╭──
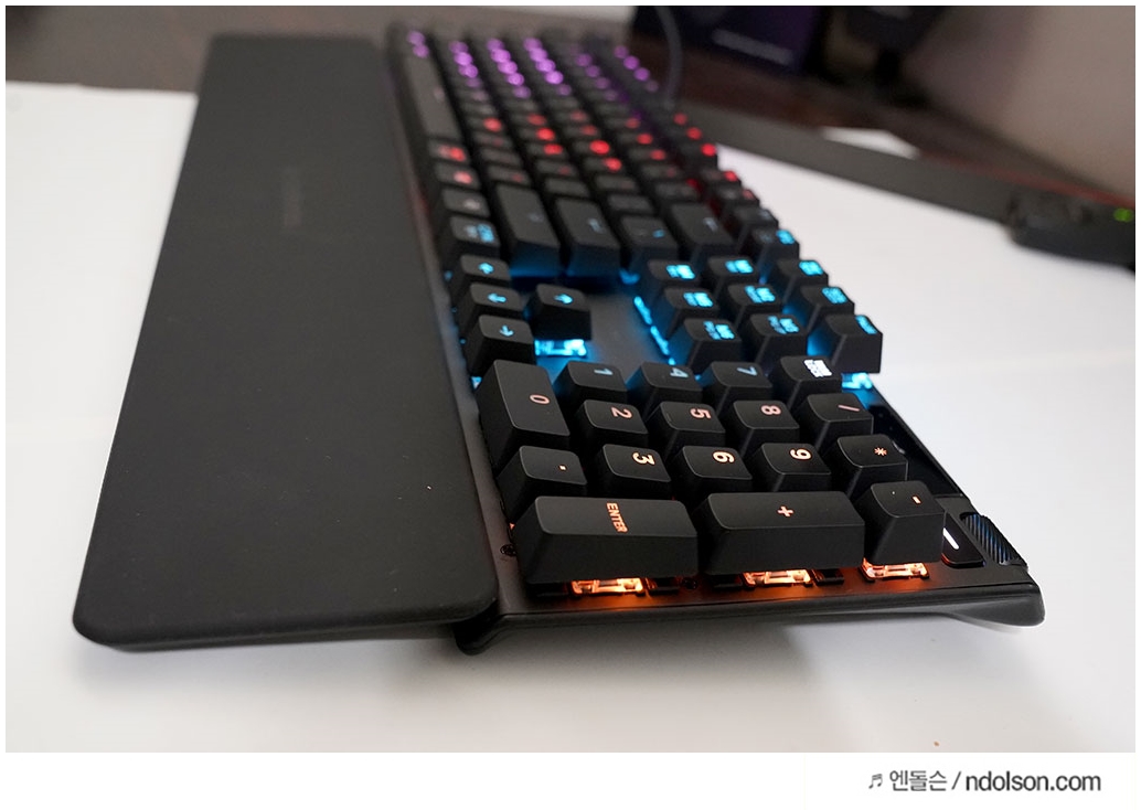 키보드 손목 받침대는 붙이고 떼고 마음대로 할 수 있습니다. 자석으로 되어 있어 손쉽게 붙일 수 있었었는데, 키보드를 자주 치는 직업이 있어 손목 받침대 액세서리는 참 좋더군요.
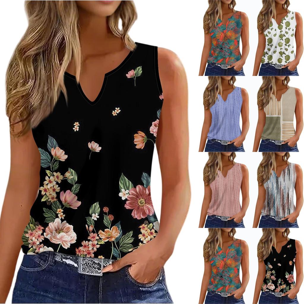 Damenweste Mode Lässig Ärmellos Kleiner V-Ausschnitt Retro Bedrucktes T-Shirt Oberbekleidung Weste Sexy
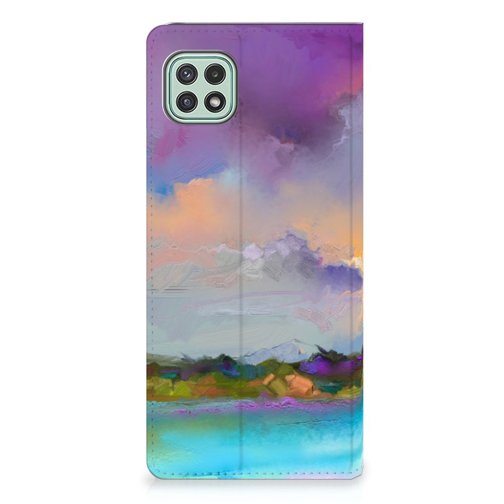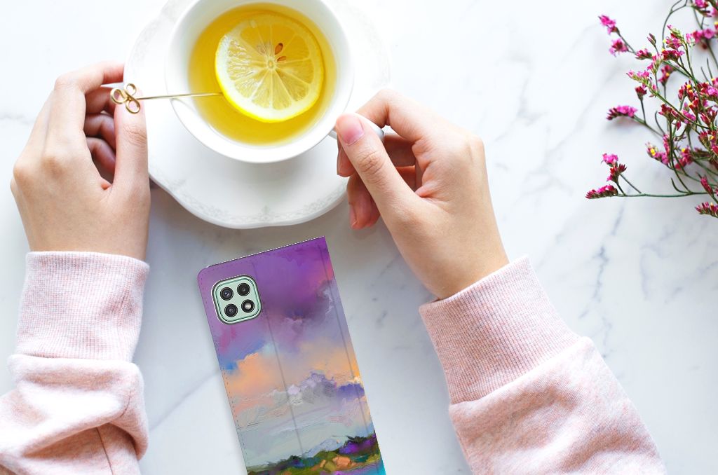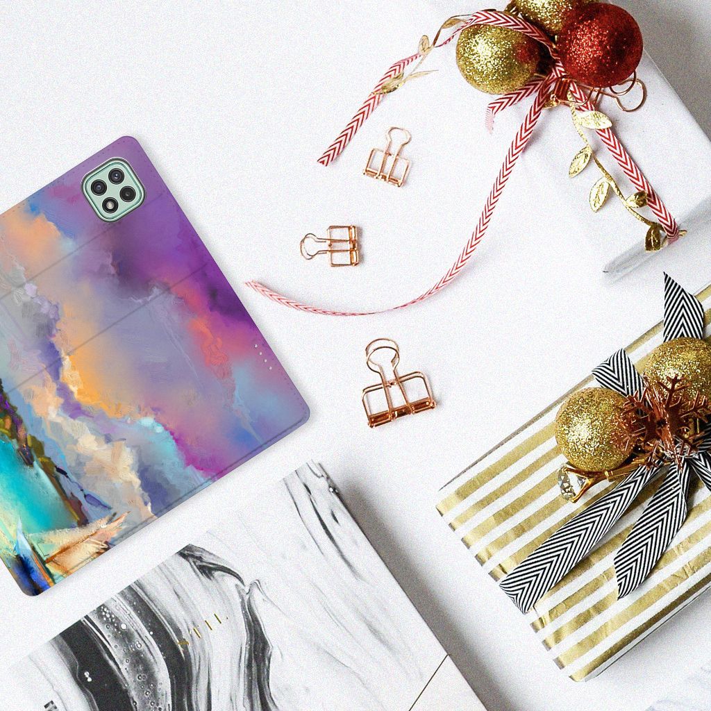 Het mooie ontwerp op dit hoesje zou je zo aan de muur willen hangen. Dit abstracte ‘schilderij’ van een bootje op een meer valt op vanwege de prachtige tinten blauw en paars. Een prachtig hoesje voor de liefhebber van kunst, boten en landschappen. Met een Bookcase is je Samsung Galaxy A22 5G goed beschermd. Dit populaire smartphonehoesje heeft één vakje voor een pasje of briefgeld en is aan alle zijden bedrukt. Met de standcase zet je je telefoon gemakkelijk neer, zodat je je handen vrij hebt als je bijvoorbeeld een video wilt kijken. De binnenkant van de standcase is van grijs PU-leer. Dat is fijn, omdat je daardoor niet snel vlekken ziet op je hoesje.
╰──
╭──
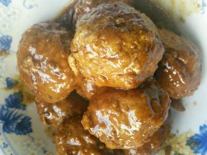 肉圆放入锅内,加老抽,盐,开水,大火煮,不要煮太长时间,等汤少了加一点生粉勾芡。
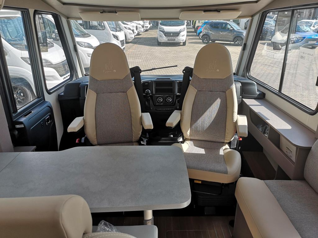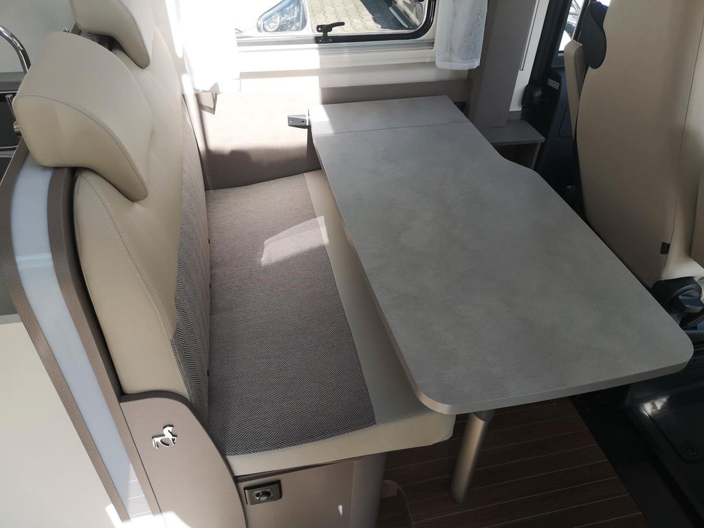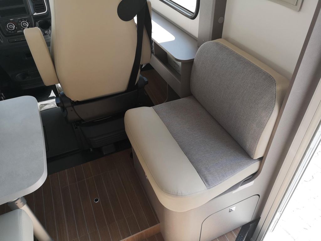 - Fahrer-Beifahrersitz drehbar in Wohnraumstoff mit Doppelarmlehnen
╰──
● The problem: Your output should be the lines above from the one that contains "키보드 손목 받침대는" through the one that contains "Het mooie ontwerp", word for word, with pictures left out.

● Result for this exercise:
 키보드 손목 받침대는 붙이고 떼고 마음대로 할 수 있습니다. 자석으로 되어 있어 손쉽게 붙일 수 있었었는데, 키보드를 자주 치는 직업이 있어 손목 받침대 액세서리는 참 좋더군요.
 Damenweste Mode Lässig Ärmellos Kleiner V-Ausschnitt Retro Bedrucktes T-Shirt Oberbekleidung Weste Sexy
 Het mooie ontwerp op dit hoesje zou je zo aan de muur willen hangen. Dit abstracte ‘schilderij’ van een bootje op een meer valt op vanwege de prachtige tinten blauw en paars. Een prachtig hoesje voor de liefhebber van kunst, boten en landschappen. Met een Bookcase is je Samsung Galaxy A22 5G goed beschermd. Dit populaire smartphonehoesje heeft één vakje voor een pasje of briefgeld en is aan alle zijden bedrukt. Met de standcase zet je je telefoon gemakkelijk neer, zodat je je handen vrij hebt als je bijvoorbeeld een video wilt kijken. De binnenkant van de standcase is van grijs PU-leer. Dat is fijn, omdat je daardoor niet snel vlekken ziet op je hoesje.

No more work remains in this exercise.